*What is required*. For the lines from the one with "Visitors are invited" to the end of the listing below, both ends included, give an exact copy and nothing more. Do not copy pictures.

*Entries provided*.

★ ★ ★

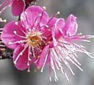梅の撮影は、花そのものがどちらかというと地味ですから、緋色のもうせんの派手な什器や着物などと対比した撮影もおもしろいでしょう。また桜に比べ、花を通してバックが透けてしうケースもありますので、バックの景色のあしらいにも注意してください。
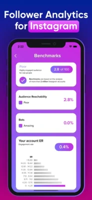 Quick, easy and reliable. Get all your analytics in one App and keep track of your profile anywhere anytime! Analyze, optimize and get on top of the Instagram Game!
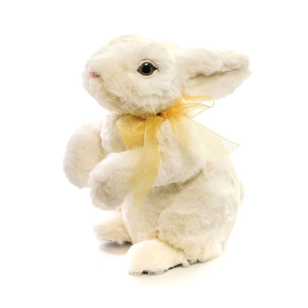 Coelho de Pelúcia em Pé com Laço no Pescoço Amarelo - Páscoa Cromus - CCS Decorações e Embalagens
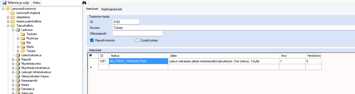 avainsanat: lasku, esikatselu, laskutettu, toimintokeskus, NO_PRINT_TRANSACTION
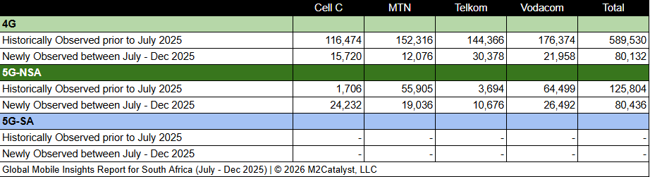 • M2’s dataset for the 2nd half of 2025 contains 160,568 newly observed 4G/5G mobile broadband Cell IDs. A more in-depth view of the Cell IDs and their associated details by location over time can be visualized on M2's Crowd SiteIntel platform.
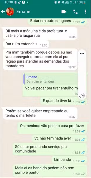 Em uma das mensagens trocadas com o traficante Pagodeiro, o vereador teria oferecido empregos em um hospital: “Eu cedo cargos para você, desde que você, que tem o poder da força na comunidade, fale bem de mim para que as pessoas votem em mim”.
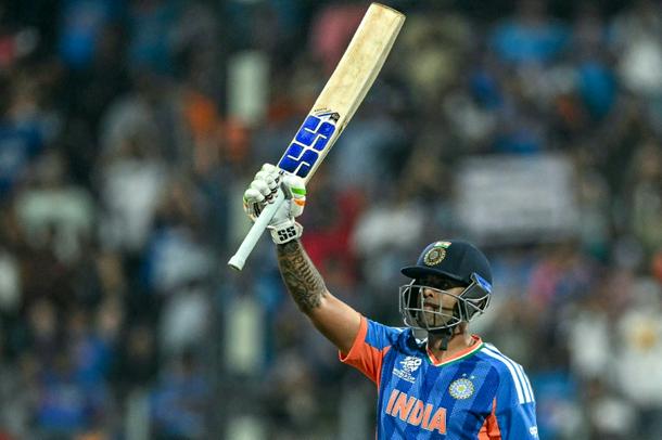 India's captain Suryakumar Yadav celebrates his fifty against the USA in Mumbai
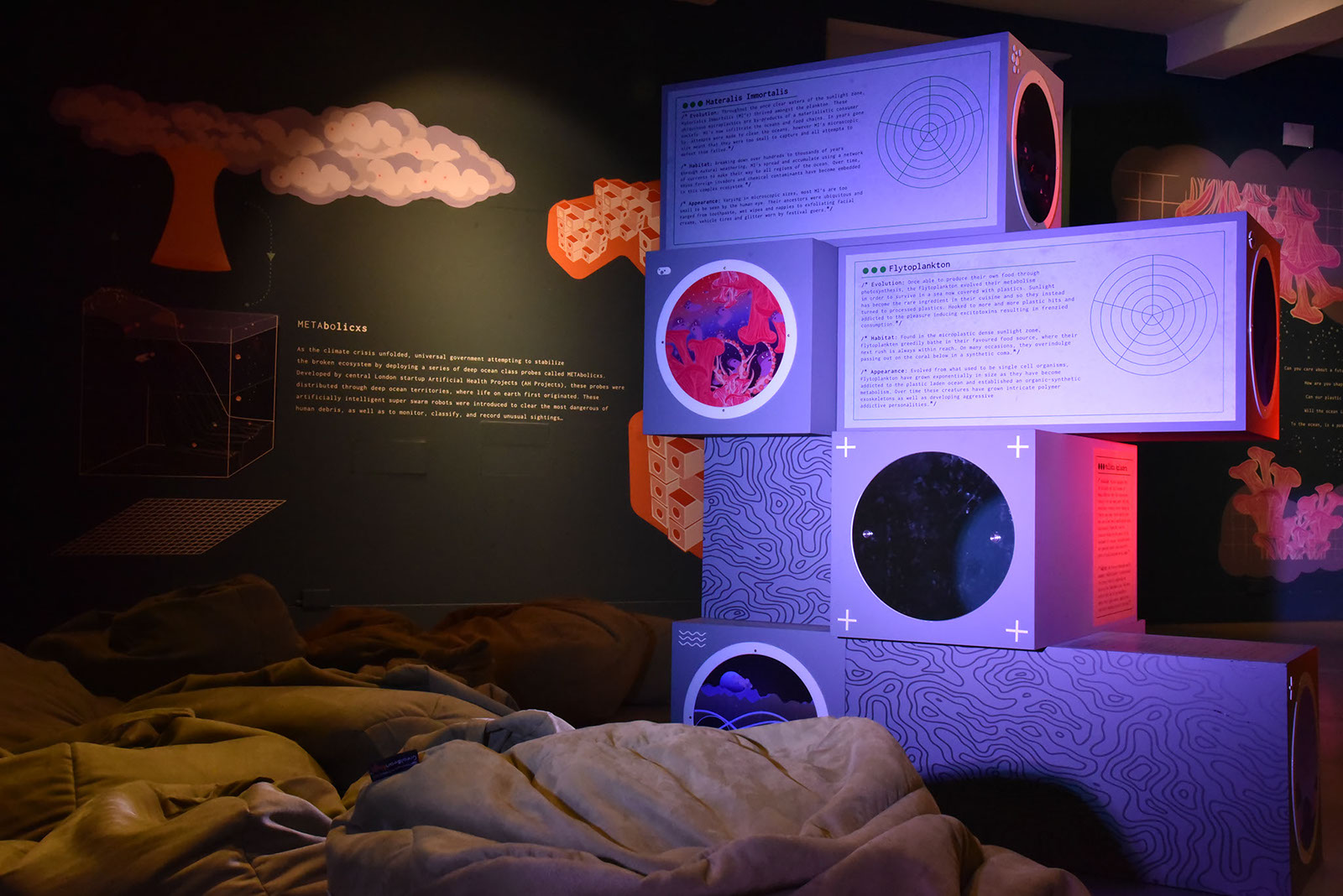 Visitors are invited to engage with future sea-creatures, ponder the unseen and distant impacts of everyday city life that are reflected in consumer culture, and re-imagine the legacy of humanity through the eyes of the ocean.
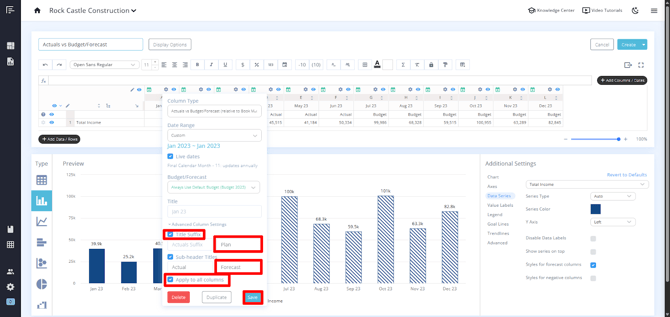 How to Use Actuals vs Budget/Forecast Column Type
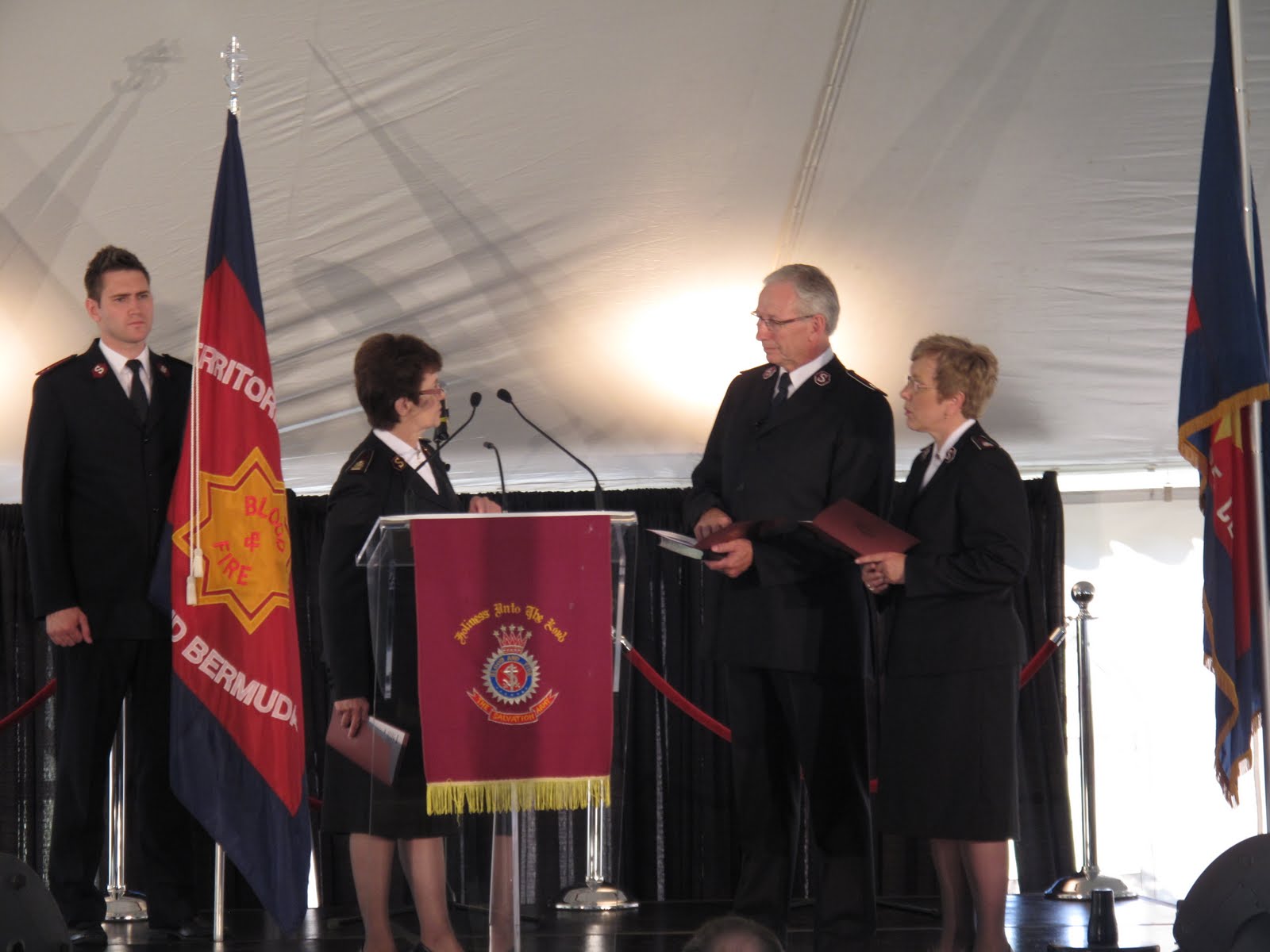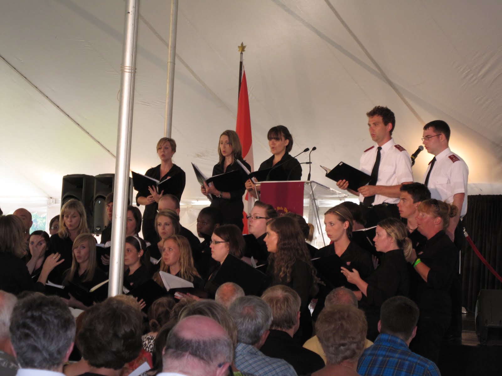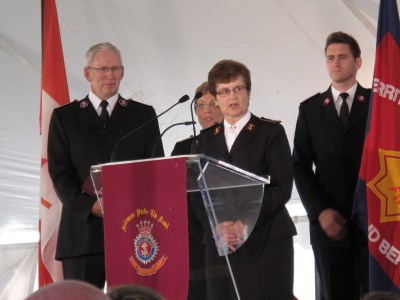 Last evening we eagerly gathered at the Jackson’s Point Conference Centre to witness the official welcome and Installation of our new Territorial Leaders, Commissioners Brian and Rosalie Peddle. Of interest to us all was that General Linda Bond, a Canadian, was here to officiate. Everyone seemed especially pleased to have the Peddles home, and to share in the event. The Canadian Staff Band and the Divisional Youth Chorus were on hand to provide excellent music.
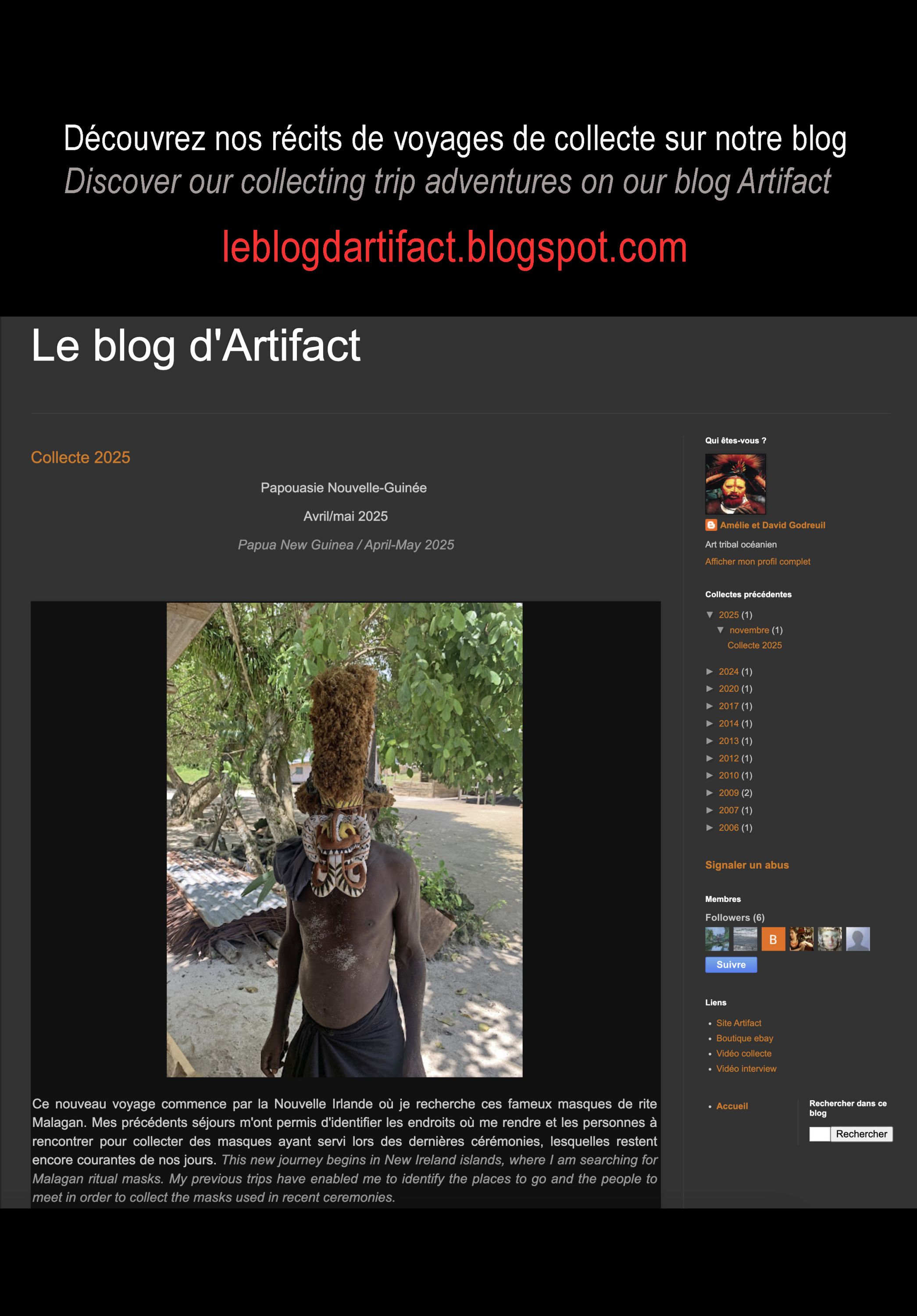 Le récit de notre dernière collecte est maintenant disponible sur notre blog Artifact dont le lien est accessible dans la rubrique "Photos de terrain" de ce site. Des îles de Nouvelle-Irlande aux berges du fleuve Sépik, nous vous invitons à vivre une immersion dans la culture papoue !
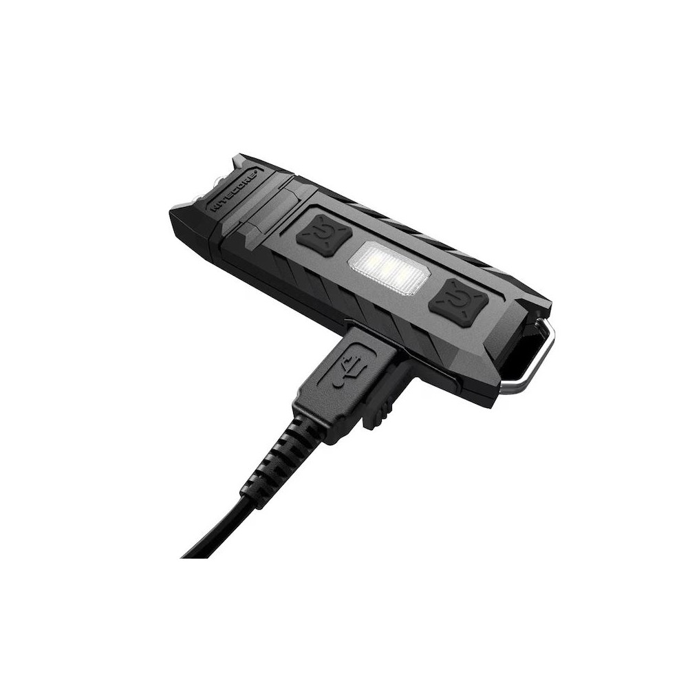 Nitecore Thumb hat einen eingebauten Lithium-Ionen-Akku, der über ein USB-Kabel aufgeladen wird. Die Leistung der Taschenlampe beträgt bis zu 45 Lumen und eine Reichweite von bis zu 24 Metern.
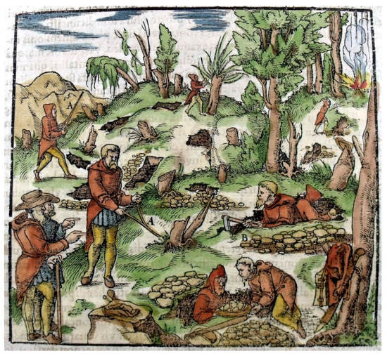 Unfortunately, it is not true, at least not in the time scale that is relevant to mankind. Thus, the search for the rare resource deposits has always been a great challenge to mankind. In this search, a variety of means has been employed, such as divining rods, which were already graphically demonstrated by the great German mining expert Georgius Agricola (1494–1555) (Figure 1). It was also Agricola who cited the critics of his time and described the environmental impact of mining and smelting:

★ ★ ★

*Answer to the exercise*.
 Visitors are invited to engage with future sea-creatures, ponder the unseen and distant impacts of everyday city life that are reflected in consumer culture, and re-imagine the legacy of humanity through the eyes of the ocean.
 How to Use Actuals vs Budget/Forecast Column Type
 Last evening we eagerly gathered at the Jackson’s Point Conference Centre to witness the official welcome and Installation of our new Territorial Leaders, Commissioners Brian and Rosalie Peddle. Of interest to us all was that General Linda Bond, a Canadian, was here to officiate. Everyone seemed especially pleased to have the Peddles home, and to share in the event. The Canadian Staff Band and the Divisional Youth Chorus were on hand to provide excellent music.
 Le récit de notre dernière collecte est maintenant disponible sur notre blog Artifact dont le lien est accessible dans la rubrique "Photos de terrain" de ce site. Des îles de Nouvelle-Irlande aux berges du fleuve Sépik, nous vous invitons à vivre une immersion dans la culture papoue !
 Nitecore Thumb hat einen eingebauten Lithium-Ionen-Akku, der über ein USB-Kabel aufgeladen wird. Die Leistung der Taschenlampe beträgt bis zu 45 Lumen und eine Reichweite von bis zu 24 Metern.
 Unfortunately, it is not true, at least not in the time scale that is relevant to mankind. Thus, the search for the rare resource deposits has always been a great challenge to mankind. In this search, a variety of means has been employed, such as divining rods, which were already graphically demonstrated by the great German mining expert Georgius Agricola (1494–1555) (Figure 1). It was also Agricola who cited the critics of his time and described the environmental impact of mining and smelting:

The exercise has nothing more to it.